Artist Bill Hammond dies

Bill Hammond, one of the country’s most influential artists, has died aged 73.

The Christchurch-born and Lyttelton-based artist was noted for the environmental and socially-aware themes of his work and perhaps best known for his surreal bird paintings.

Bill Hammond’s Fall of Icarus is at the Christchurch Art Gallery Te Puna o Waiwhetū

Bill Hammond’s Fall of Icarus is at the Christchurch Art Gallery Te Puna o Waiwhetū

Arts commentator Hamish Keith was one of the first to pay tribute - on Twitter describing Hammond as "a marvellous artist and a very lovely man".

Speaking to Radio New Zealand Keith also said Bill Hammond had “such a unique vision from the very beginning.”

He said while he was obviously sad for the artist’s family it was an enormous loss to New Zealand art.

“He made things out of who we are and where he was.

“He had a brilliant command of technique, a painter’s painter.”

Bill Hammond was born in 1947 and attended the Ilam School of Fine Arts at the University of Canterbury from 1966-1968.
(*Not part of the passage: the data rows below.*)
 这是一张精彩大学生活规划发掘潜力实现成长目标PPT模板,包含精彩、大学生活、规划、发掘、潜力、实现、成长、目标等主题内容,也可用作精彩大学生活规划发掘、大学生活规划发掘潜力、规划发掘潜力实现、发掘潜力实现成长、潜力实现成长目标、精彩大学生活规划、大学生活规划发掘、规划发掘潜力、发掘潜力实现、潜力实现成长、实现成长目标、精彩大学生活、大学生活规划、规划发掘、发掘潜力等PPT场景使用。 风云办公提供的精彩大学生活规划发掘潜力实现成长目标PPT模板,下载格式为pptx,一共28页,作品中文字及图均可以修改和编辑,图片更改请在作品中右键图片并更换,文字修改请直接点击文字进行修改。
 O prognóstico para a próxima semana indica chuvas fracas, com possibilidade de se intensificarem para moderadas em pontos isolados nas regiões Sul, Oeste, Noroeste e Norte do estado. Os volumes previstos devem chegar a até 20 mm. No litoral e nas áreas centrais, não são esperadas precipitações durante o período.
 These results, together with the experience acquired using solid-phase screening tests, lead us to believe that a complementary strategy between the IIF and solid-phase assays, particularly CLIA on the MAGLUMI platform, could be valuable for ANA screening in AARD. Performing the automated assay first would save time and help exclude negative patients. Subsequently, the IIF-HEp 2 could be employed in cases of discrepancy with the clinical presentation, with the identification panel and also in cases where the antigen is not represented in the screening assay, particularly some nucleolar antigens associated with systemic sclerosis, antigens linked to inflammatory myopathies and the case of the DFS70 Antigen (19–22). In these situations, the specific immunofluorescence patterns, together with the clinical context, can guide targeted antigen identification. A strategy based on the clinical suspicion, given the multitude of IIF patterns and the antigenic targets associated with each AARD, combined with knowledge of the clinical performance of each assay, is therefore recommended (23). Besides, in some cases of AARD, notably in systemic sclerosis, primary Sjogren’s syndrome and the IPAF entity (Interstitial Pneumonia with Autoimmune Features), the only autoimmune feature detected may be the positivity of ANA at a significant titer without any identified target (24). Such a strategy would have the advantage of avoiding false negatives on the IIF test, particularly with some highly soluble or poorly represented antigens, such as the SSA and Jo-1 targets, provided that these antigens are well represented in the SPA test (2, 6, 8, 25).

nz-artists.co.nz says Hammond didn’t begin exhibiting his work until the 1980s.

“It didn’t take long for the New Zealand art community to take notice. Hammond’s was a distinctively individualistic ‘take’ on life, reflecting 20th century life in all its materialistic, aggressive, citified chaos, with inanimate objects seeming to take on a life of their own.
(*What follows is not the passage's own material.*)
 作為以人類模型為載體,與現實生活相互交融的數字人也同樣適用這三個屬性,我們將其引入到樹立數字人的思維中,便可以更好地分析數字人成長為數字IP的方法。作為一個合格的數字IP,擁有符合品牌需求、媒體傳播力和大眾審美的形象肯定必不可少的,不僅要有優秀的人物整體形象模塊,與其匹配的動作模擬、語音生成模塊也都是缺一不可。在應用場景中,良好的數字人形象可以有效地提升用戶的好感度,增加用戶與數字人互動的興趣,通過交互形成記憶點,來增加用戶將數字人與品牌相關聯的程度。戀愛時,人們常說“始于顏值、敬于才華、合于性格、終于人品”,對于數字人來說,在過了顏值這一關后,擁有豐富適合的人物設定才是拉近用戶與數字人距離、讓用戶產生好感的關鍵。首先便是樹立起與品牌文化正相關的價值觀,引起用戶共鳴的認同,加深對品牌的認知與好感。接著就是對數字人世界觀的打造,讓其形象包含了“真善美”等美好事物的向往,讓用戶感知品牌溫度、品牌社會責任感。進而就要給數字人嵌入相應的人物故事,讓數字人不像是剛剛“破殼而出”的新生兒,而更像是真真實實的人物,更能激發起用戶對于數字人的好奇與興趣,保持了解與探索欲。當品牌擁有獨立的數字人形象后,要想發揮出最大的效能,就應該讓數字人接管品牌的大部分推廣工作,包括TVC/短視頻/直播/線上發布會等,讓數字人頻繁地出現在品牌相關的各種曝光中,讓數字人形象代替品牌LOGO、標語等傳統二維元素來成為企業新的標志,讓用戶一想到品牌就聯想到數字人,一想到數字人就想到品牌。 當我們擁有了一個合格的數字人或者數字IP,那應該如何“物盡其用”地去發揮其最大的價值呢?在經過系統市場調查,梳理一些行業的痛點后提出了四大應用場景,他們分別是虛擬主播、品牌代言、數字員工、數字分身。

“By the mid-1990s, however, Hammond’s paintings had assumed a haunting beauty (‘Placemakers’ series). Gone was the black humour of that grunty, tough ‘underworld’. The clothed, half-human, half-bird creatures that now populated his canvases, adopting human stances and characteristics, conveyed a feeling of quiet despair or resignation as they gazed into the distance.”